MAFA regulates nutrient-stimulated insulin secretion. a Mafa*22 cells were cultured in standard medium (11.2 mmol/l glucose) with (dark bars) or without (open bars) 75 ng/ml doxycycline (Dox) for 19 h, and then equilibrated in 2.5 mmol/l glucose medium for a further 5 h. Insulin release from Mafa*22 cells in KRBH buffer containing the indicated concentrations of glucose was determined by radio-immunoassay and expressed as percentage of cellular insulin content. Cellular insulin content was increased by 23% (−Dox: 2.16 ± 0.23 μg/mg protein; +Dox: 2.65 ± 0.25 μg/mg protein, n = 6, p < 0.01) after MAFA induction. b DN-Mafa*39 cells were cultured in standard medium (11.2 mmol/l glucose) with (dark bars) or without (open bars) 500 ng/ml doxycycline for 19 h, and then equilibrated in 2.5 mmol/l glucose medium for a further 5 h. Induction of DN-MAFA resulted in defective insulin release induced by 24 mmol/l glucose, 5 mmol/l pyruvate, and 20 mmol/l KCl.

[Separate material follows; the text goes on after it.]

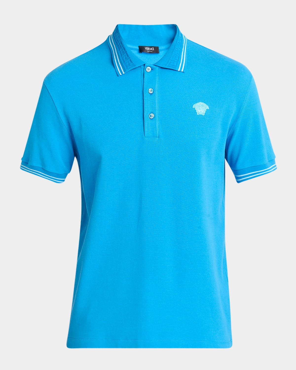 - Versace polo shirt with tipped collar and cuffs - Iconic Greca patterned collar - Three-button placket - Embroidered Medusa logo at chest - Cuffed short sleeves - Pullover style - Cotton - Machine wash - Imported - Model is 6'1"/185cm.

Insulin secretion from DN-Mafa*39 cells stimulated by 24 mmol/l glucose, 5 mmol/l pyruvate, and 20 mmol/l KCl was measured in KRBH containing 2.5 mmol/l glucose (Basal) and is expressed as percentage of cellular insulin content. Cellular insulin content was reduced by 27% (−Dox: 2.245 ± 0.22; +Dox: 1.64 ± 0.20 μg/mg protein, n = 6, p < 0.005). Data represent mean±SEM of six independent experiments. *p < 0.05, **p < 0.001

MAFA is expressed specifically in beta cells of human islets. To characterise MAFA production in adult human islets, we performed immunofluorescence staining with antibodies against ISL1, MAFA, PDX1 and insulin. As shown in Fig. 6a, MAFA is specifically localised in nuclei of insulin-positive cells, whereas ISL1 is stained in both beta and non-beta cells. PDX1 is also almost exclusively localised in nuclei of beta cells (Fig. 6a). In addition, subcellular distribution of MAFA was not strikingly different in human islets cultured for 24 h in 5 and 11.2 mmol/l glucose, respectively (Fig. 6b). The negative effects of the GLP1R agonist, exendin-4, were pronounced (Fig. 6b). Since immunostaining is semi-quantitative, small changes in protein levels may not be obvious. We therefore performed EMSA to evaluate the glucose-responsiveness of DNA binding by MAFA.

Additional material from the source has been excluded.